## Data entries
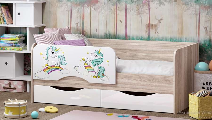 Очень красивая кровать со сказочными персонажами на фасаде, доставит радость вашему ребенку,имеет два выдвижных ящика.
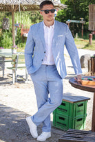 - Hellblaue Leinen-Chinohose im Slim Fit
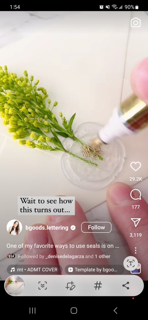 Did you know that hot glue can be used to create a seal on your envelope? Just put a bunch and then put your favorite flower or stamp in the pile of glue. Yes, I said stamp. Just be prepared with a tweezer in case it gets “stuck” in the glue.
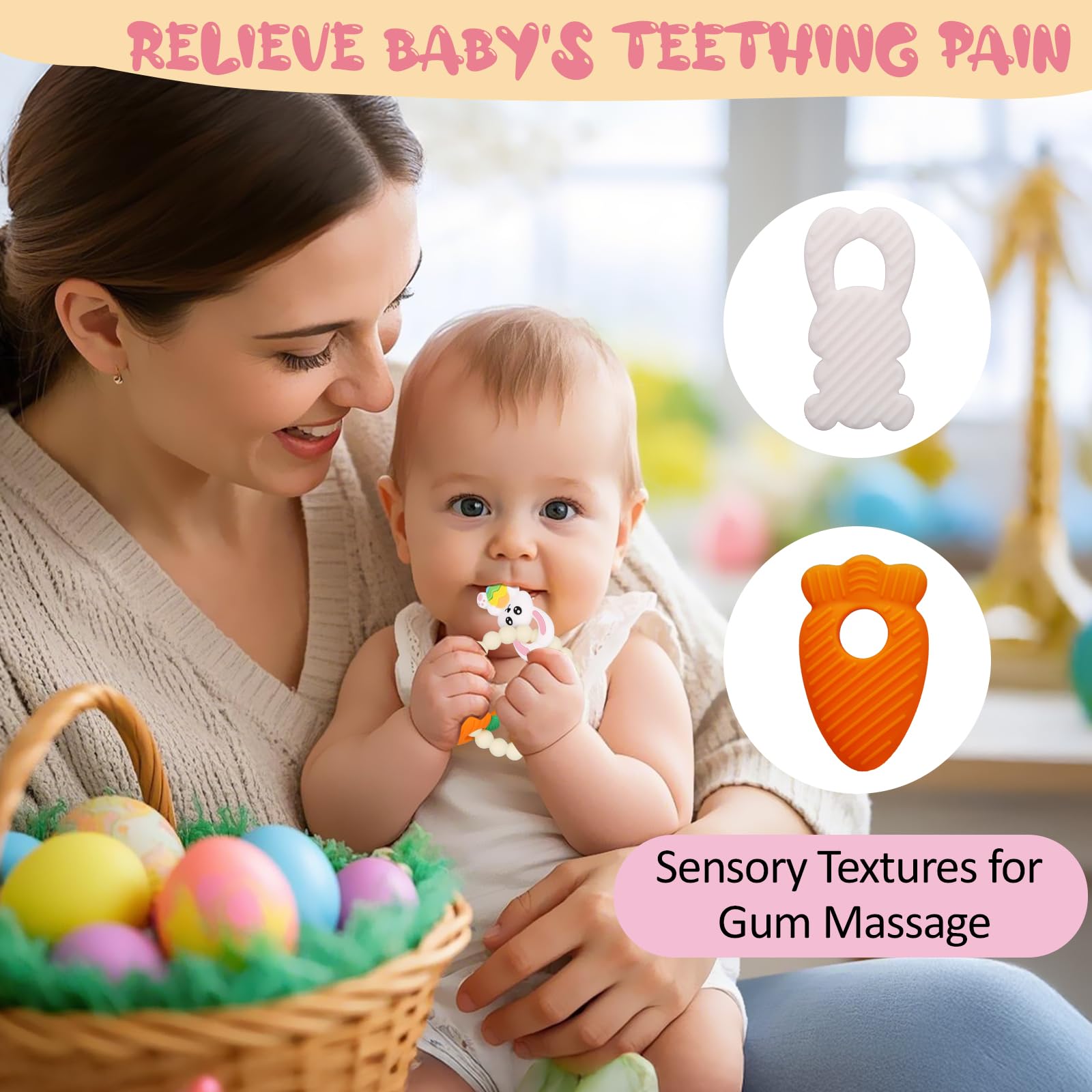 Easter Baby Teething Ring Toys – Bunny Easter Egg & Carrot Teethers for Newborns, Infants & Toddlers – Sensory Chew Bracelet for Teething Relief – Perfect Baby’s First Easter Basket Stuffers
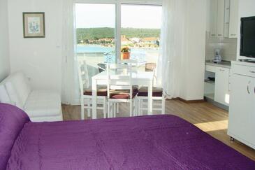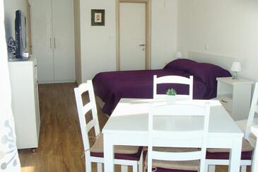 Studio bietet Platz für 2 Gäste. Die Betten sind in Schlafzimmern, die es 1 gibt, innerhalb einer Gesamtfläche von 27m2, angeordnet. Die Gäste haben einen eigenen Balkon zur Verfügung, auf der sie in warmen Sommernächten genießen können. Das Studio-Apartment bietet Meerblick. Es ist erlaubt, Speisen auf dem Gemeinschafts-Grill vorzubereiten.
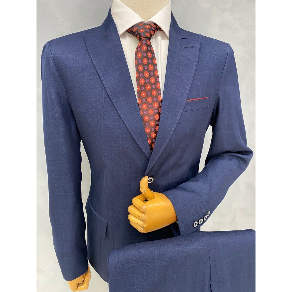 Comprar na ShopeeTerno Principe de Gales Lapela Larga Pespontado Casemira Azul Marinho Quadriculado Nova Modelagem
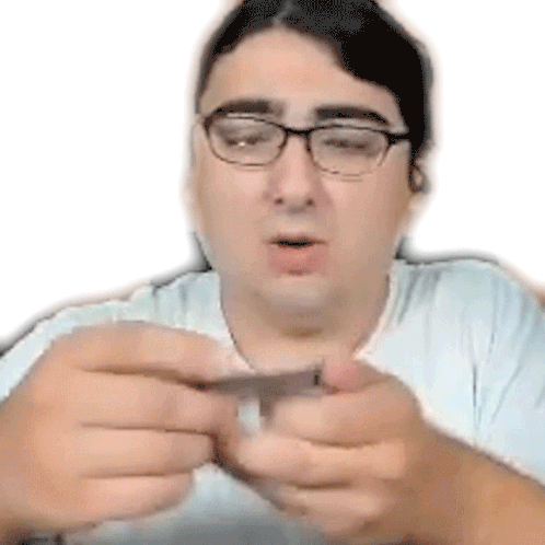 Noel reacts with an open mouth, exclaiming "OOOH!" while holding a small object and extending his hand.

## ASSIGNMENT
Verbatim transcription needed, from the opening line of the entries above through the line containing "Studio bietet Platz"; pictures do not belong in it.

## EXERCISE ANSWER
 Очень красивая кровать со сказочными персонажами на фасаде, доставит радость вашему ребенку,имеет два выдвижных ящика.
 - Hellblaue Leinen-Chinohose im Slim Fit
 Did you know that hot glue can be used to create a seal on your envelope? Just put a bunch and then put your favorite flower or stamp in the pile of glue. Yes, I said stamp. Just be prepared with a tweezer in case it gets “stuck” in the glue.
 Easter Baby Teething Ring Toys – Bunny Easter Egg & Carrot Teethers for Newborns, Infants & Toddlers – Sensory Chew Bracelet for Teething Relief – Perfect Baby’s First Easter Basket Stuffers
 Studio bietet Platz für 2 Gäste. Die Betten sind in Schlafzimmern, die es 1 gibt, innerhalb einer Gesamtfläche von 27m2, angeordnet. Die Gäste haben einen eigenen Balkon zur Verfügung, auf der sie in warmen Sommernächten genießen können. Das Studio-Apartment bietet Meerblick. Es ist erlaubt, Speisen auf dem Gemeinschafts-Grill vorzubereiten.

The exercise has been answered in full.